> Almost all big data storage solutions are NoSQL.
I think it's important to distinguish between OLAP AND OLTP.
For OLAP use cases (which is what this post is mostly about) it's almost 100% SQL.
The biggest players being Databricks, Snowflake and BigQuery. Other tools may include AWS's tools (Glue, Athena), Trino, ClickHouse, etc.
I bet there's a <1% market for "NoSQL" tools such as MongoDB's "Atlas Data Lake" and probably a bunch of MapReduce jobs still being used in production, but these are the exception, not the rule.
For OLTP "big data", I'm assuming we're talking about "scale-out" distributed databases which are either SQL (e.g. cockroachdb, vitess, etc) SQL-like (Casandra's CQL, Elasticsearch's non-ANSI SQL, Influx' InfluxQL) or a purpose-built language/API (Redis, MongoDB).
I wouldn't say OLTP is "almost all" NoSQL, but definitely a larger proportion compared to OLAP.
> Almost all big data storage solutions are NoSQL.
Most I've seen aren't. NoSQL means non-relational database. Most big data solutions I've seen will not use a database at all. An example is hadoop.
Once you have a database, SQL makes a lot of sense. There are big data SQL solutions, mostly in the form of columnar read-optimized databases.
On the above, a little bit of relational can make a huge performance difference, in the form of, for example, a big table with compact data with indexes into small data tables.

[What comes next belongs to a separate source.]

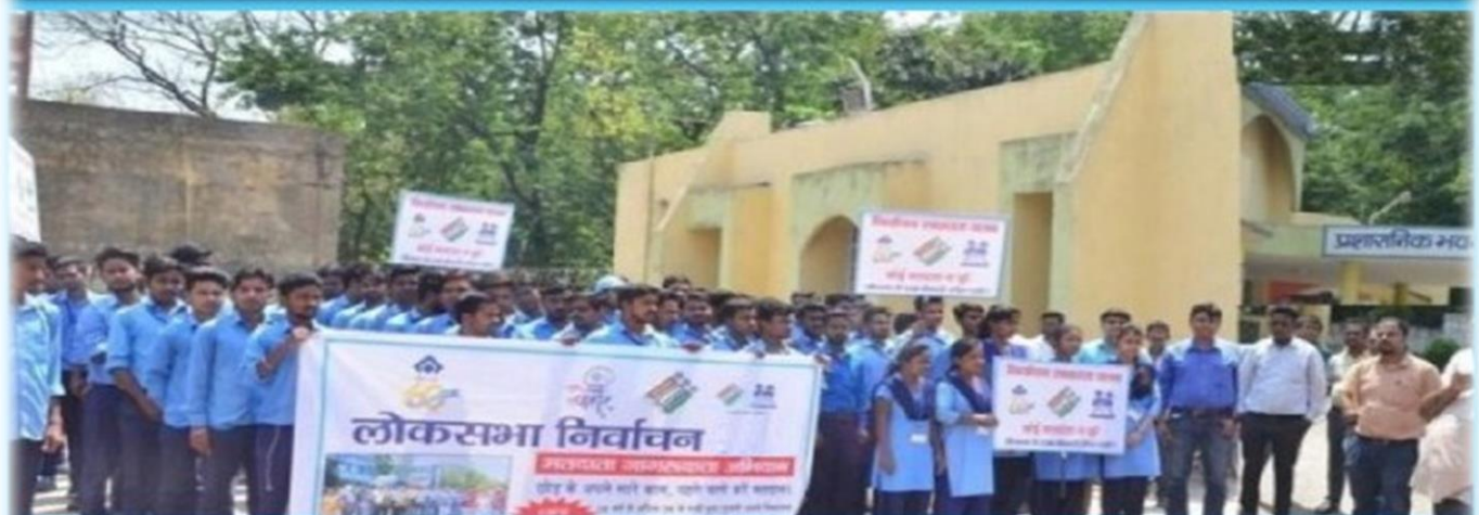
लोगों में चुनाव के प्रति जागरूकता फैलाने का एक प्रयास

That can be algorithmically a lot more performant than the same thing without relations.
Anyone reading the above comment ask yourself. Do you actually think when interest rates dropped to zero they suddenly inverted a system that was better than SQL. “Horizontal scaling” I’m sorry I don’t speak marketing language, what is that? I’ve only been doing this for decades.
a) It has a built-in and supported horizontal scalability / HA solution.
b) For some use cases e.g. star schemas it has significantly better performance.
> Big data solutions aren't nosql
Almost all big data storage solutions are NoSQL.